Dataset excerpts: Begin

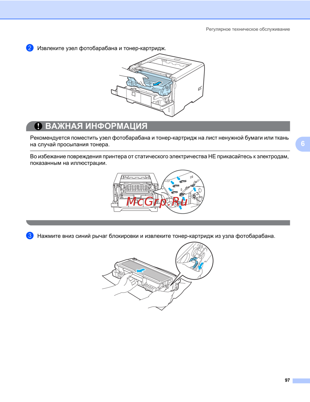 Рекомендуется поместить узел фотобарабана и тонер-картридж на лист ненужной бумаги или ткань
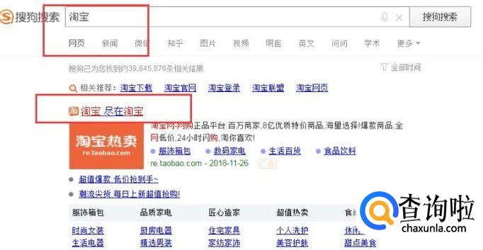 在浏览器上搜索【淘宝网】,然后点击官网链接,如下图所示:
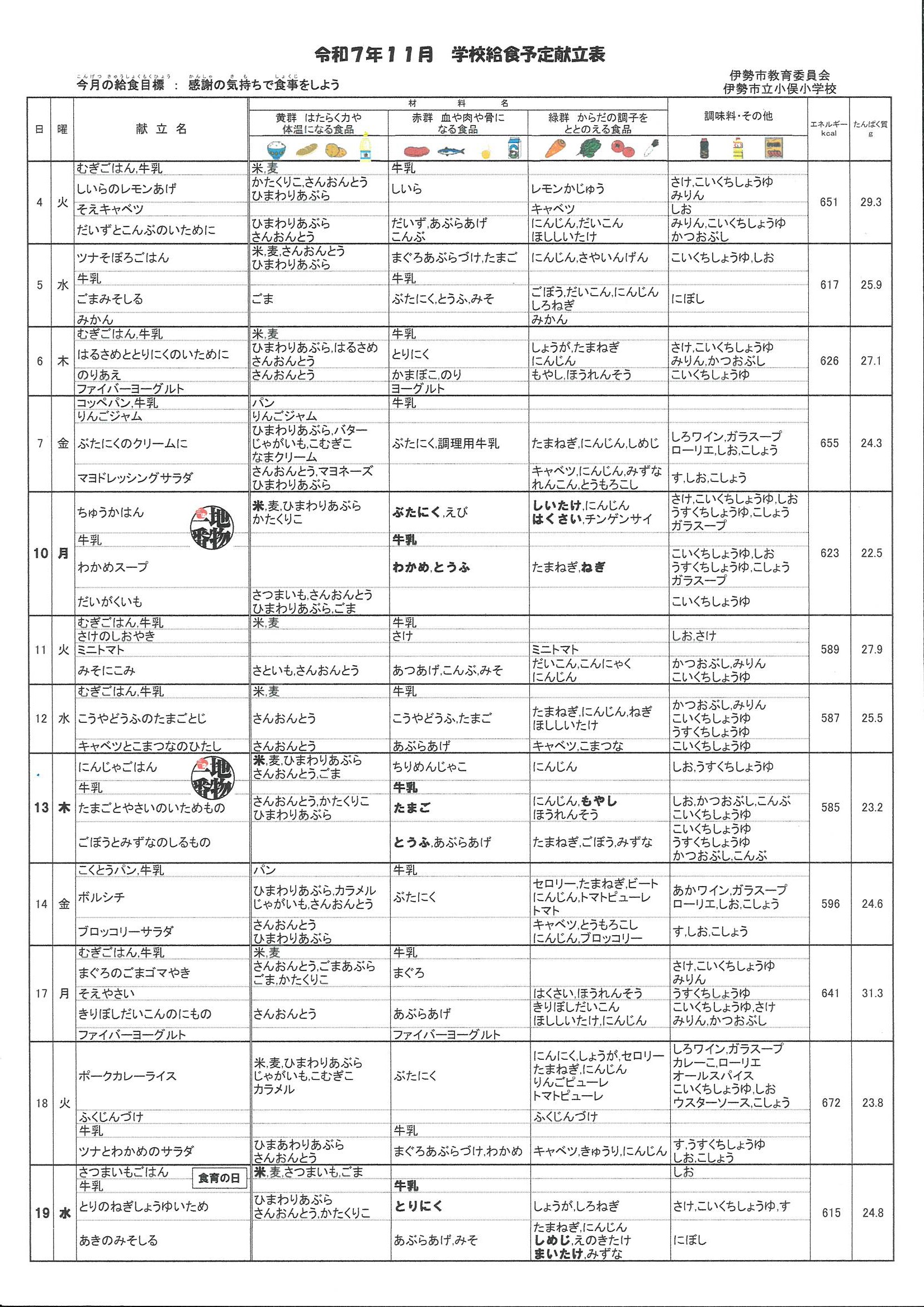 11月4日から19日までの献立です。
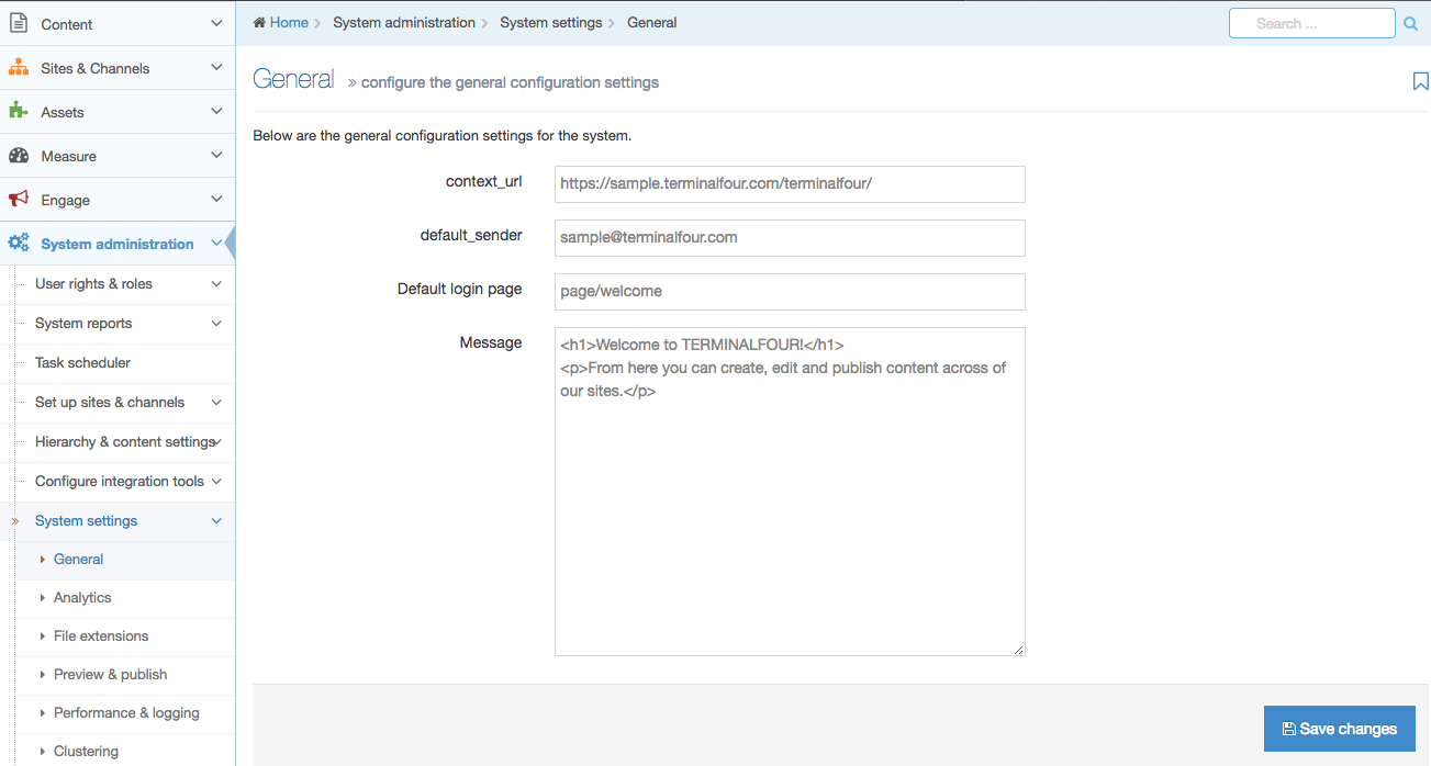| default_sender | This is the default address that is used for emails generated and sent by TERMINALFOUR. |
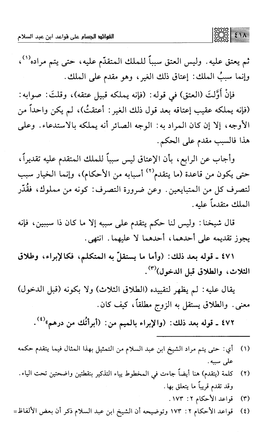 (¬4) قواعد الأحكام 2: 173 وتوضيحه أن الشيخ ابن عبد السلام ذكر أن بعض الألفاظ =
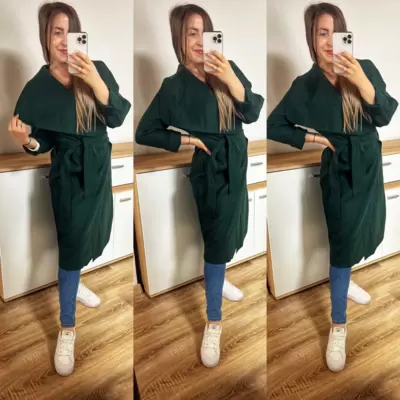 Filc anyagból készült kabát,derekát hangsúlyozó kötővel.
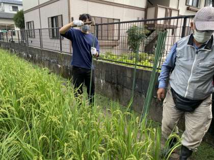 田んぼの様子を見に行きました。連日の雨のおかげもありすくすくと成長しています。成長を待っていたのは私たちだけではありませんでした。スズメやハトたちもおいしそうな米を狙っていました。そこで,畑の先生方にご協力をいただき鳥除けテープを張りました。来月は稲刈りをする予定ですので順調に育ってほしいですね。
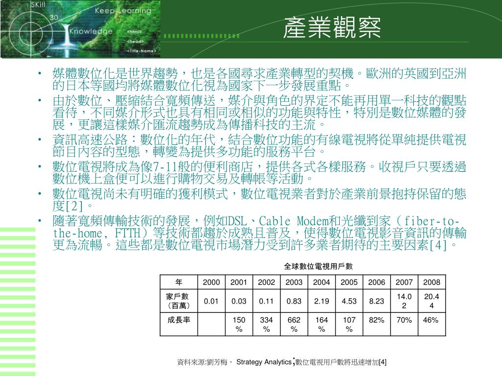 產業觀察 • 媒體數位化是世界趨勢,也是各國尋求產業轉型的契機。歐洲的英國到亞洲的日本等國均將媒體數位化視為國家下一步發展重點。 • 由於數位、壓縮結合寬頻傳送,媒介與角色的界定不能再用單一科技的觀點看待,不同媒介形式也具有相同或相似的功能與特性,特別是數位媒體的發展,更讓這樣媒介匯流趨勢成為傳播科技的主流。 • 資訊高速公路:數位化的年代,結合數位功能的有線電視將從單純提供電視節目內容的型態,轉變為提供多功能的服務平台。 • 數位電視將成為像7-11般的便利商店,提供各式各樣服務。收視戶只要透過數位機上盒便可以進行購物交易及轉帳等活動。 • 數位電視尚未有明確的獲利模式,數位電視業者對於產業前景抱持保留的態度[2]。 • 隨著寬頻傳輸技術的發展,例如DSL、Cable Modem和光纖到家(fiber-to-the-home, FTTH)等技術都趨於成熟且普及,使得數位電視影音資訊的傳輸更為流暢。這些都是數位電視市場潛力受到許多業者期待的主要因素[4]。 全球數位電視用戶數 資料來源:劉芳梅, Strategy Analytics;數位電視用戶數將迅速增加[4]
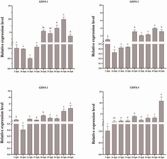 qRT-PCR analysis of the expression of the GDF8 gene in the Qihe gibel carp at different developmental stages. Note: Values with different letter superscripts mean significant difference (p < 0.05), while those with the same letter superscripts mean no significant difference (p > 0.05).
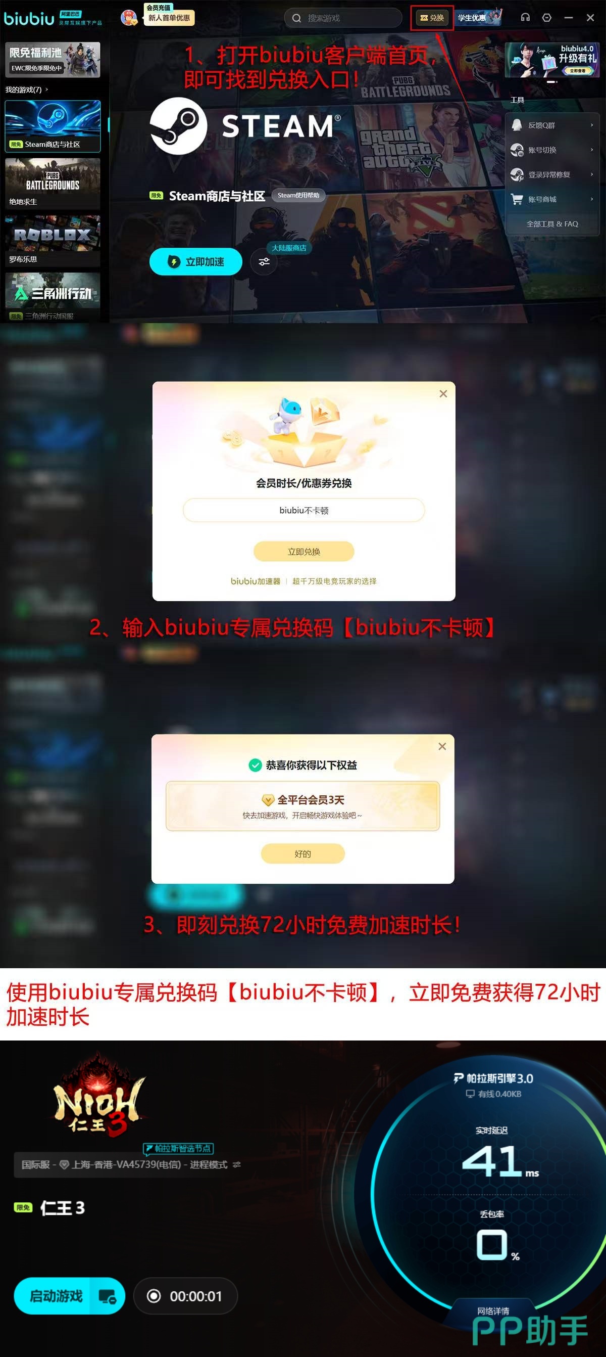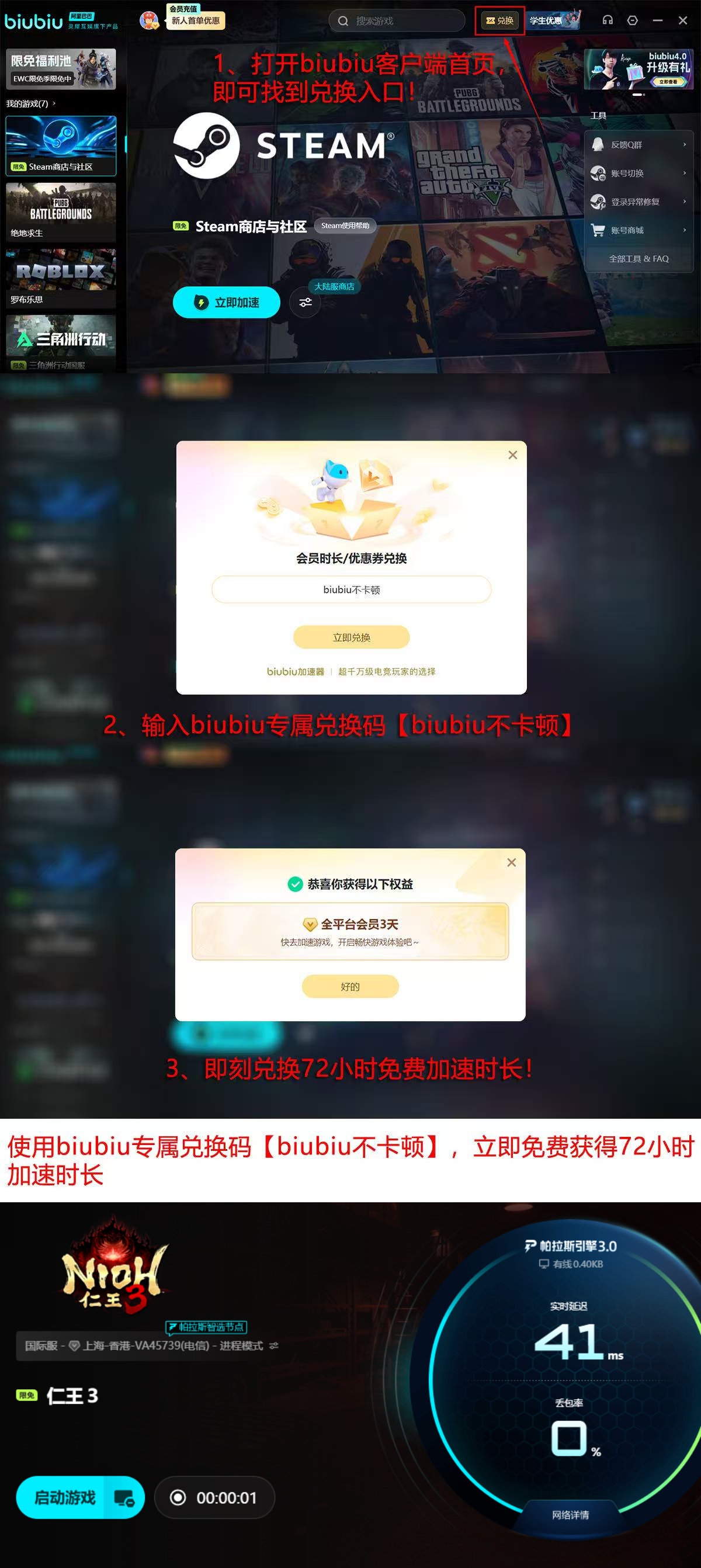 为配合《仁王3》测试阶段用户需求,biubiu加速器特别开放限时免费服务:活动周期为1月29日至2月13日,所有用户均可无门槛使用加速功能。新注册用户额外享有24小时全功能试用权益;输入兑换码【biubiu不卡顿】,还可立即激活72小时连续加速权限,覆盖完整测试期体验。

Dataset excerpts: End

Going back to the data above, write out everything from the line with "11月4日から19日までの献立です。" down to the line with "田んぼの様子を見に行きました", both included, leaving every picture out.

[Response to the task]:
 11月4日から19日までの献立です。
| default_sender | This is the default address that is used for emails generated and sent by TERMINALFOUR. |
 (¬4) قواعد الأحكام 2: 173 وتوضيحه أن الشيخ ابن عبد السلام ذكر أن بعض الألفاظ =
 Filc anyagból készült kabát,derekát hangsúlyozó kötővel.
 田んぼの様子を見に行きました。連日の雨のおかげもありすくすくと成長しています。成長を待っていたのは私たちだけではありませんでした。スズメやハトたちもおいしそうな米を狙っていました。そこで,畑の先生方にご協力をいただき鳥除けテープを張りました。来月は稲刈りをする予定ですので順調に育ってほしいですね。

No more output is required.